Good Food at Retail
Three very different retail operations explain how and why they work to get more local/regional food on to their shelves.
Getting more good food into retail is a priority. According to USDA-ERS over 90% of the food that Americans consume at home is purchased at retail outlets.
In this webinar: the details on innovative approaches to getting more good food into retail channels of very different kinds, including a mid-size regional retail chain (200 stores), a three-store cooperative and a WIC-only store. We cover topics such as: making connections with local producers and cooperatives, food safety, challenges in starting programs and how our panelists have overcome them, marketing good food in the store, and metrics for measuring success.
Moderator: Warren King, Principal, WellSpring LTD
Panelists: Vanessa Zajfen, Center for Food Justice Occidental College; Ruffin Slater, Weaver Street Market Coop; Mike Orf, Hy-Vee, Inc.
In-Webinar Written Transcript
Q: How did you get the WIC only corner stores to ""buy in"" to the program, given the challenges (no refrigeration units etc). Was there grant funding to get infrastructure?
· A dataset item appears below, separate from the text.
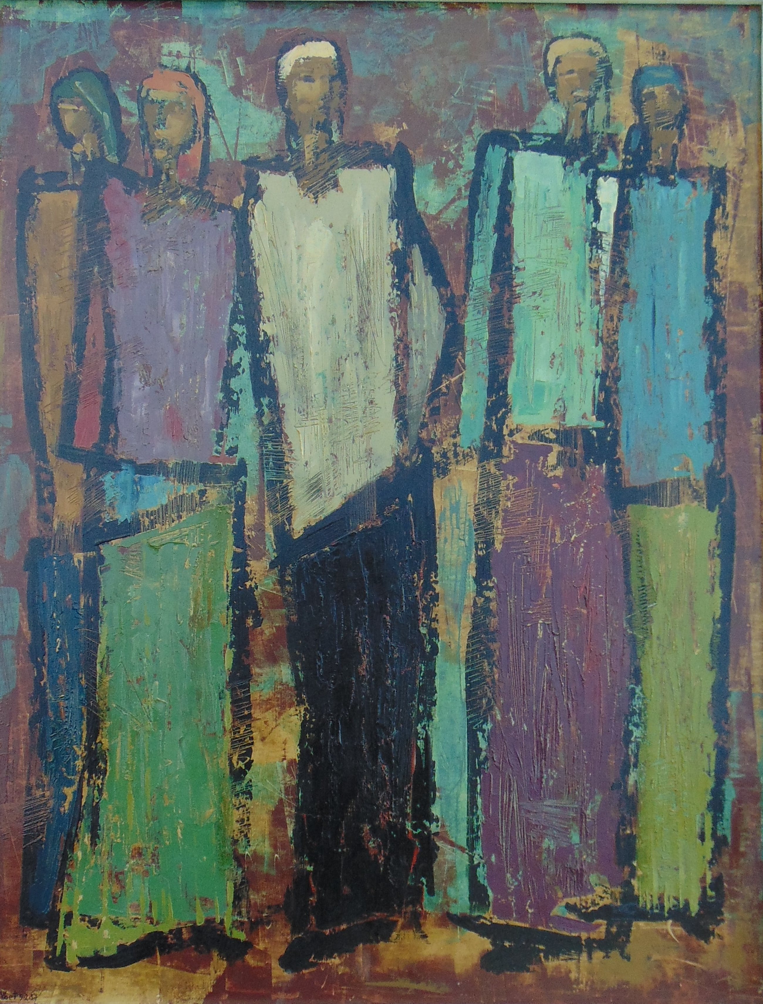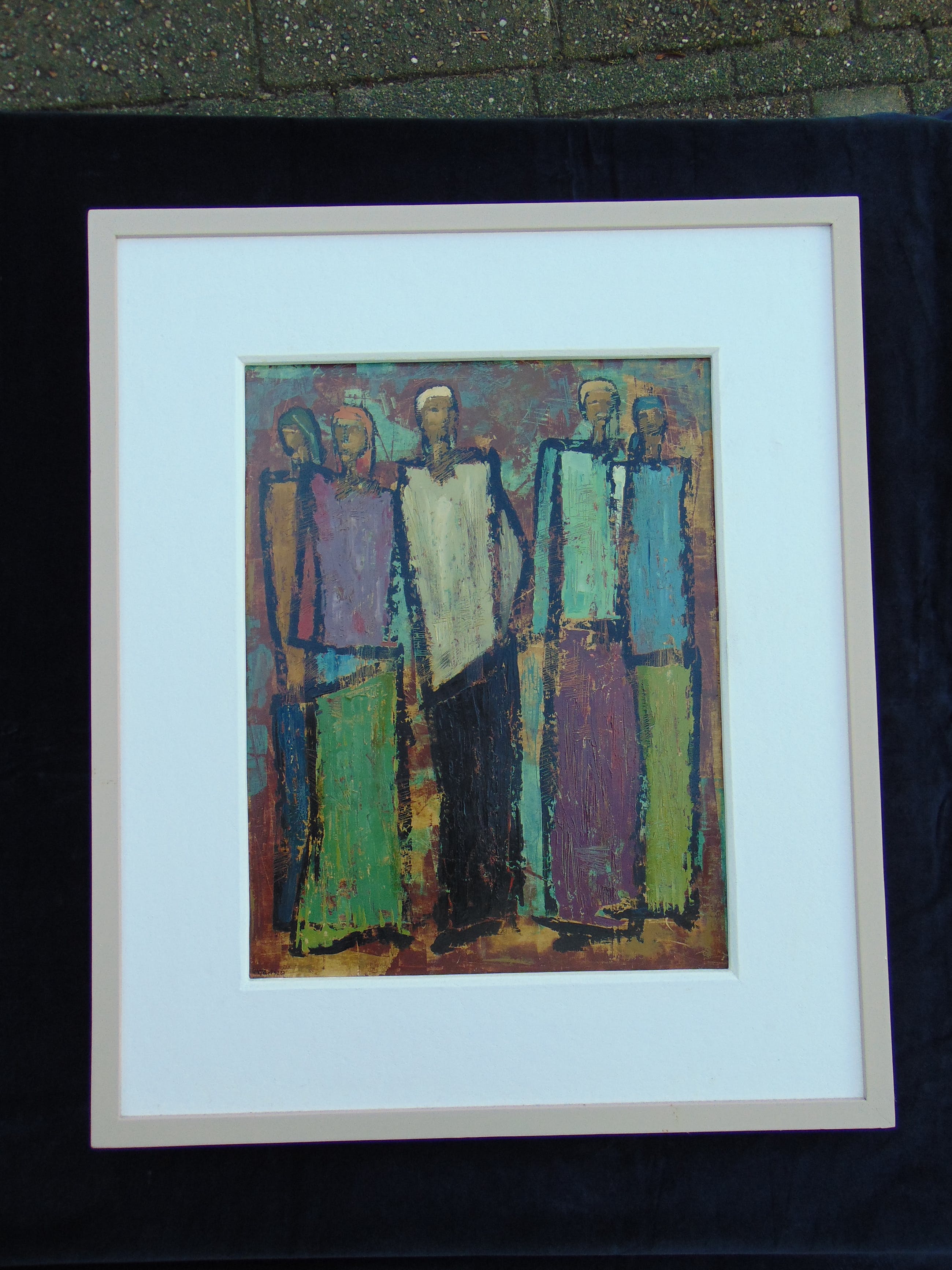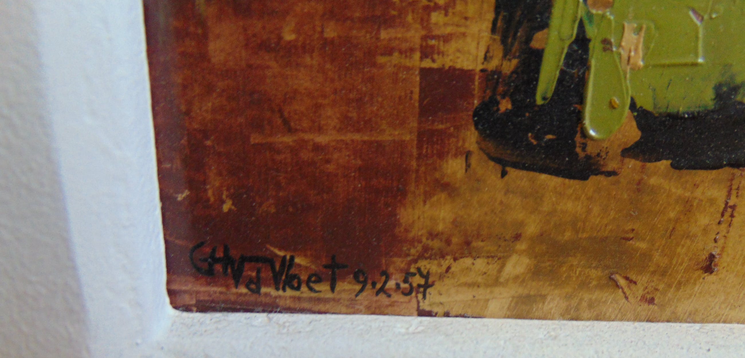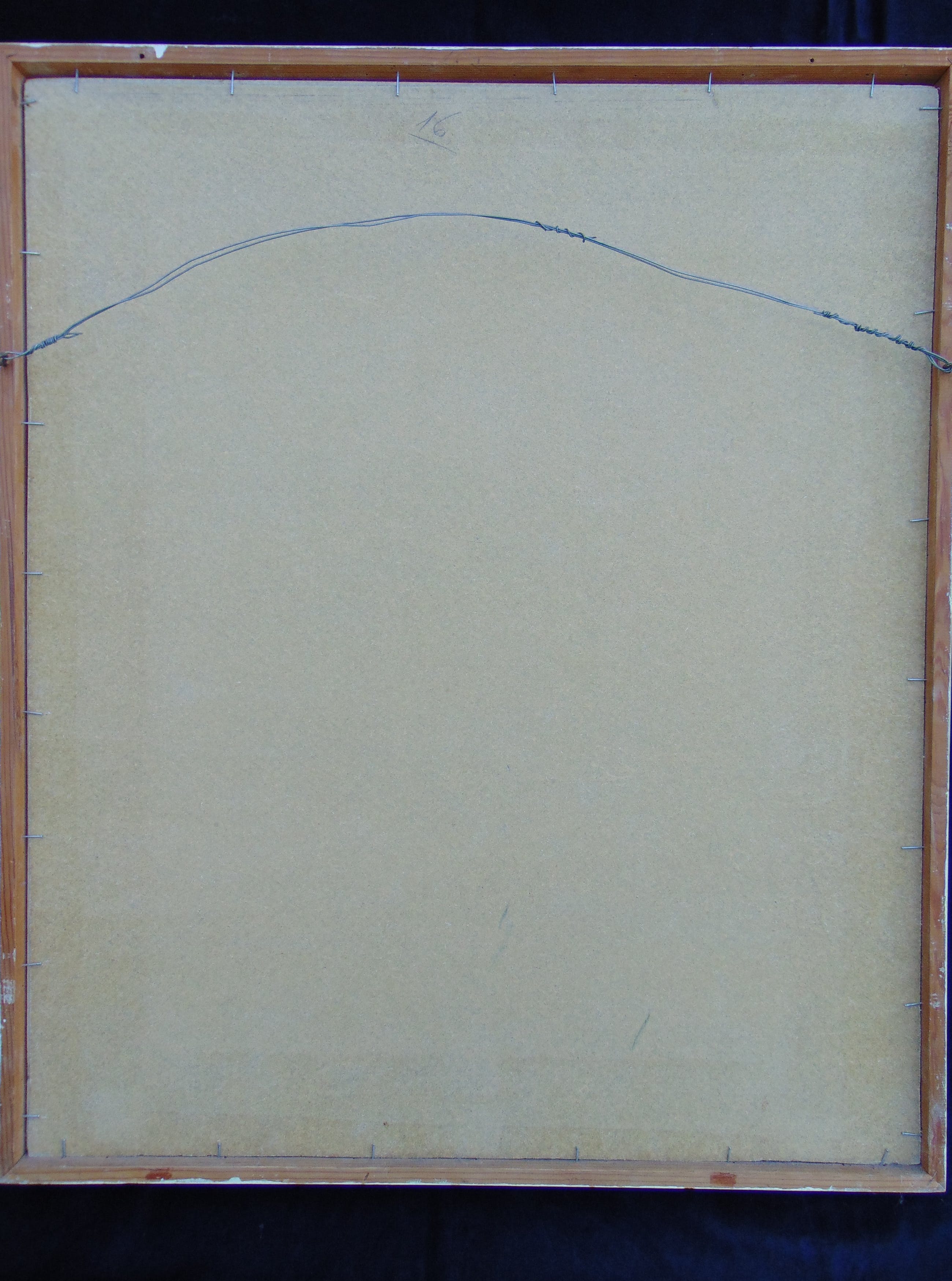 Dit werk is linksonder gesigneerd en gedateerd op 9-2-57. Het werk is ingelijst met passe-partout en in een houten lijst zonder glas.

A: I think it’s the marketing and outreach campaign attached...we pitched it to them as a broader package that would bring them new customers, appeal to their current consumers and of course we do support them in creating partnerships with farmers, the state HOTM [Harvest of the Month] program, pay for materials etc.
Q: What processing does this program do? Vanessa mentioned taking the food to processors and then picking it up. Does she mean packing/packaging?
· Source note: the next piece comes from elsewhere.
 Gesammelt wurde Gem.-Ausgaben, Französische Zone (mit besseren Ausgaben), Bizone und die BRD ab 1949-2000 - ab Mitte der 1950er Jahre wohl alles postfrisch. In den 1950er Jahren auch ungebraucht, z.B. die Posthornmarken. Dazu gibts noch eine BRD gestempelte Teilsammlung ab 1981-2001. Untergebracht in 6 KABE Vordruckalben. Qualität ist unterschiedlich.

A: Yes, they need to go into some type of bag unless it is a melon or thick rind fruit. No cutting or such processing. This is a store requirement.
Q: What percentage of your total food sales can be from local sources?
A: For Weaver Street Market, it's currently about 1/3 local. Not sure what the potential is, but there is a lot more that we can do.
Q: For Vanessa: How do you verify growers from resellers?
A: We talk to them directly and/or we know them through other work. If the farmers want us to buy from the Terminal market we do so because they asked us to.
Q: What is the WIC voucher dollar value in your state?
A: I believe 6, 8, 10 and 15 dollars for FFV.
Q: Is everyone set up for EBT?
A: I believe that the WIC-Only stores I am working with do not accept EBT as WIC Vouchers and EBT are two totally different payment systems, however some stores might
Q: Question for Vanessa: This is a great model for the goals and situation you have. I'm wondering what kind of lessons or tips you think can be drawn from this example for people who are interested in selling multiple produce items through WIC-certified markets, since so many groups are looking at how to make that work.
A: Great Q and we hope to look at these issues in LA with FM and smaller WIC vendors....maybe we can talk about it in the near future.
Q: For Ruffin: does buying local products (ingredients) for the 'Food House' prove to be cost-effective and economical - or is it based on principle?
A: It's less economical to buy local. Food service ingredients are typically purchases on lowest price, so most of what's available is based on price. For example, we buy local organic flour for about 70 cents/lb; whereas commodity flour is about 20 cents.
Q: Just a clarifying question for Vanessa: is Harvest of the Month an already established program in California?
A: Yes, the state developed it and it is used in schools and limited retail settings.
Q: Vanessa: how have you gone about interesting farmers in selling to retail? My thought would be that they would express some reluctance due to the likelihood of earning a smaller profit margin.
A: The farmers are of a larger scale and thus have and/or want a variety of sales outlets for their food. For example with the Peaches we bought them direct from the grower and picked up at his farm and therefore he did not have to sell them at the terminal market which saved him taxes on each box sold and ultimately allowed him to save money
Q: for Ruffin: Does Weaver Street have any official outreach efforts in place to tap into the large UNC student body population?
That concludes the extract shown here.